Sacred Mushroom reunion planned
Columbus Folk Festival pays tribute to '60s-era coffeehouse

Thursday, May 5, 2005


Hank Arbaugh now, with his collection of stringed instruments.

Hank Arbaugh then, on stage at the Sacred Mushroom Coffeehouse.


The Sacred Mushroom, a North High Street coffeehouse in the 1960s, was hardly the only place in town to play and hear live music.

But it was a special place, a crucible of sorts, where several cultural components not only co-existed, but were melded into a common vibe.

This year's Columbus Folk Festival, set for May 6-8 at Battelle-Darby Metro Park in Galloway, will pay tribute to that vibe with a Sacred Mushroom Reunion. As many of the venue's regulars as could be found have been invited back, and the festival has received commitments from more than a handful ready to reminisce and recapture, at least for the moment, the vibe.

"I've used the metaphor that it's like the Mayflower or Woodstock," Columbus Folk Music Society president Hank Arbaugh told The Beat. "That as time goes on, more and more people claim to have been or played there."

Arbaugh managed the Mushroom in its later years, in addition to being a staple on the basement stage there through the mid-'60s, but credited Joan Gibbons with fostering the cross-pollination that made the place special.

The Sacred Mushroom Coffeehouse was opened in the early '60s by jazz guitarist Warren Stephens and his partner, James Crawford. Jazz programs started after midnight, typically consisting of jams featuring players who'd played at swank jazz clubs, including vocalist Nancy Wilson and saxophonist Eddie Davis, joining in with regulars such as Stephens, Freddy Thomas, Bill Binns and others.
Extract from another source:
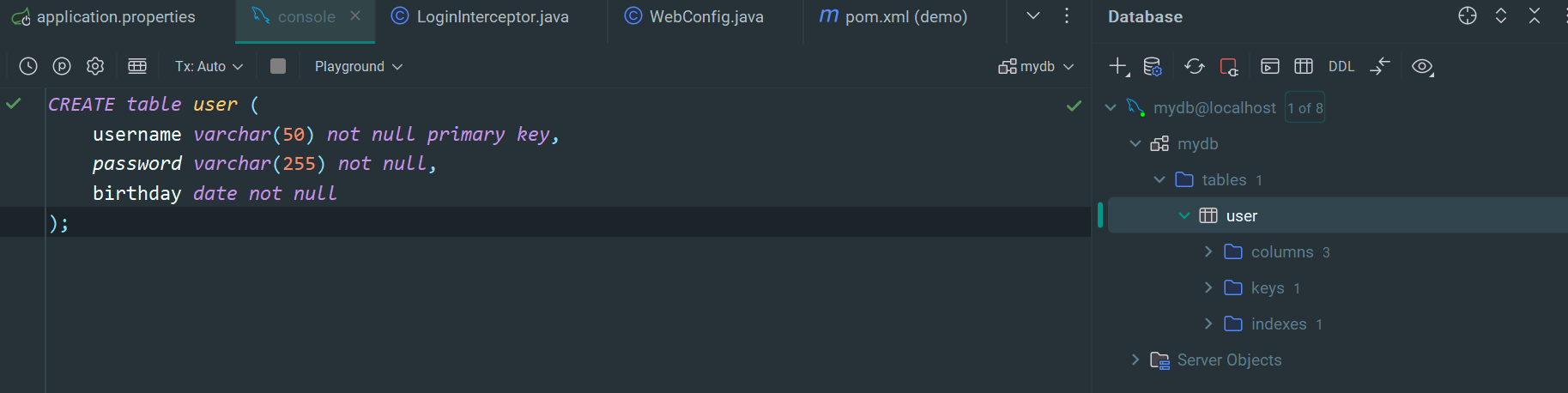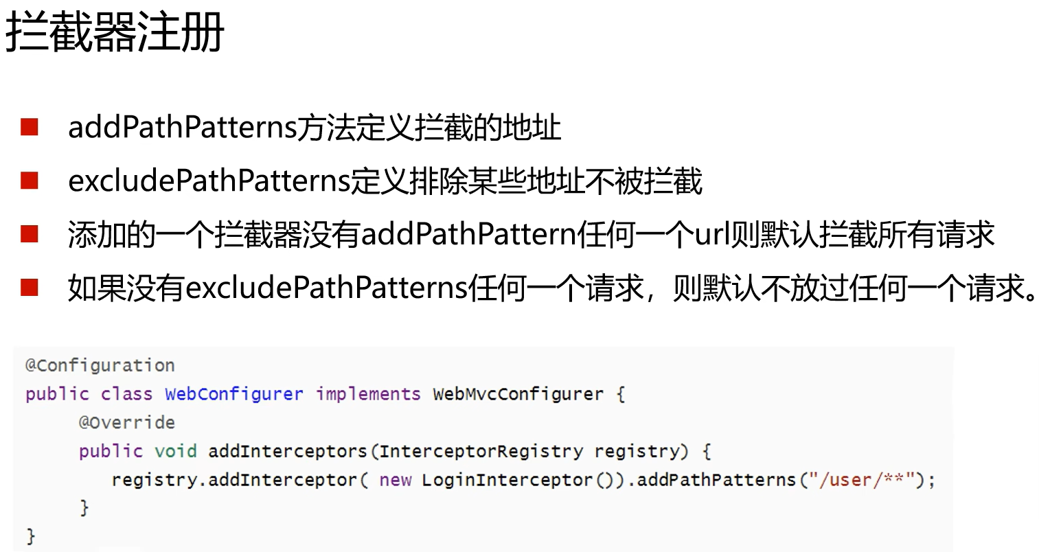 1 2 3 4 5 6 7 8 9 10 11 12 13 14 15 package org.ren.demo.config;import org.springframework.context.annotation.Configuration;import org.springframework.web.servlet.config.annotation.InterceptorRegistry;import org.springframework.web.servlet.config.annotation.WebMvcConfigurer;import org.ren.demo.interceptor.LoginInterceptor;@Configuration public class WebConfig implements WebMvcConfigurer { @Override public void addInterceptors (InterceptorRegistry registry) { registry.addInterceptor(new LoginInterceptor ()).addPathPatterns("/user/**" ); } }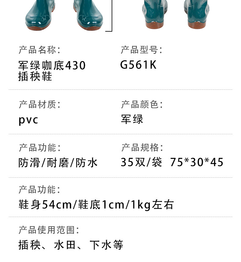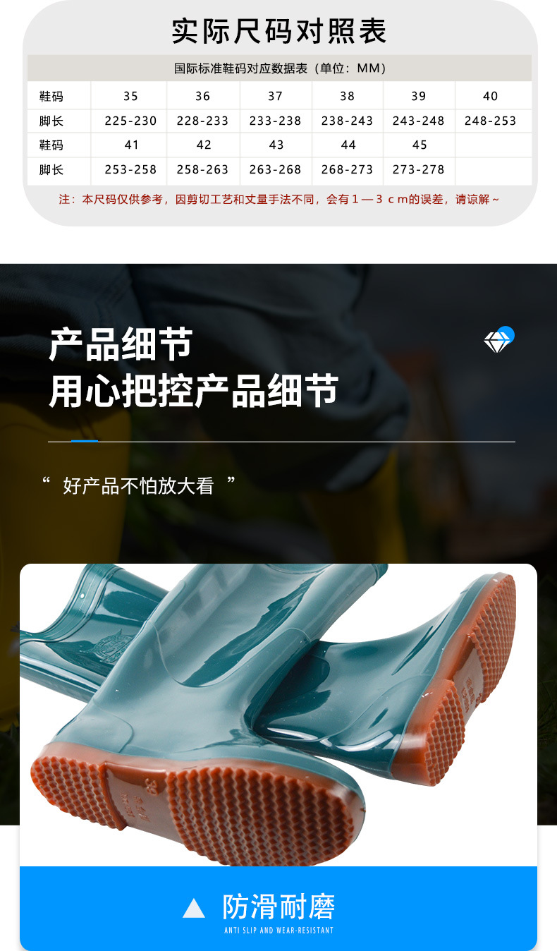 PVC 녹색 패디 필드 신발 높은 남성용 내마모성 노동 보호 이식 레인 부츠 남성 및 여성용 미끄럼 방지 방수 이식 레인 부츠스토어 가기

In 1962, they asked Joan, a musician and art dealer, and her husband, Miles, an art professor at Wilberforce College, to run a folk music stage on Wednesdays. Joan Gibbons brought in aspiring local folk musicians and bluegrass artists (including the national act The Country Gentlemen), and worked to open the ears of the academics at The Ohio State University across the street to what was happening in this new scene.

"People were starting to see that people who wrote topical songs were really modern folk singers," Arbaugh explained. "Some of the folk studies people at the university became interested in this new generation of folk singers."

Arbaugh's Mayflower metaphor aside, there are many musicians who started at or came through the Mushroom, including Phil Ochs, who was a journalism student at OSU at the time, but went on to make a giant mark through his protest songs after moving to New York City. Others included now-acclaimed bluegrass musicians John Hickman and Frank Wakefield; Fred Starner, who performed with Pete Seeger; Thom Ewing, who played guitar in Bill Monroe's band; folk singer Ed Trickett; and renowned dobro player Dan Milhon. In addition, Austin City Limits host Jerry Jeff Walker was, for a time, a regular at the Mushroom.

Bass player Karl Fulton, who resides on Columbus' East Side, typifies the cross-cultural nature of the Mushroom. Fulton played the jazz sets there, and eventually started coming early to sit in with the folkies.

"I enjoyed the folk music. I thought it was fun," he said, adding with a laugh, "I was probably the only black player there for a long while."

The 76-year-old Defense Supply Center of Columbus retiree hopes to take in the reunion, "as long as I feel good."

Starner, retired two years ago as a college professor and living in Los Angeles, is a collector and occasional writer of hobo songs. He will lead two workshops at the festival, as well as participate in the reunion. "I wonder what they all look like," he asked, tongue-in-cheek, of folks he hasn't seen in more than 30 years. "I have not changed at all."

Milhon had been playing bluegrass clubs on the South Side for a while when he discovered the Mushroom.

"I thought the coffeeshop thing was neat," he said. "It was just a big family of musicians."

Arbaugh himself has pursued a music career -- like many other Mushroom alumni, alongside a full-time job. In Arbaugh's case, it was as an English teacher in the Whitehall City Schools. He is a respected singer, multi-instrumentalist and folk music historian.

His side-by-side musical and academic pursuits epitomize the Mushroom's legacy.

"It was like going to a second college," said Arbaugh, an OSU graduate student at the time. "There were so many different styles of music and performers, I just tried to absorb as much as I could. There were a lot of people like me that went there and became seriously interested in folk music."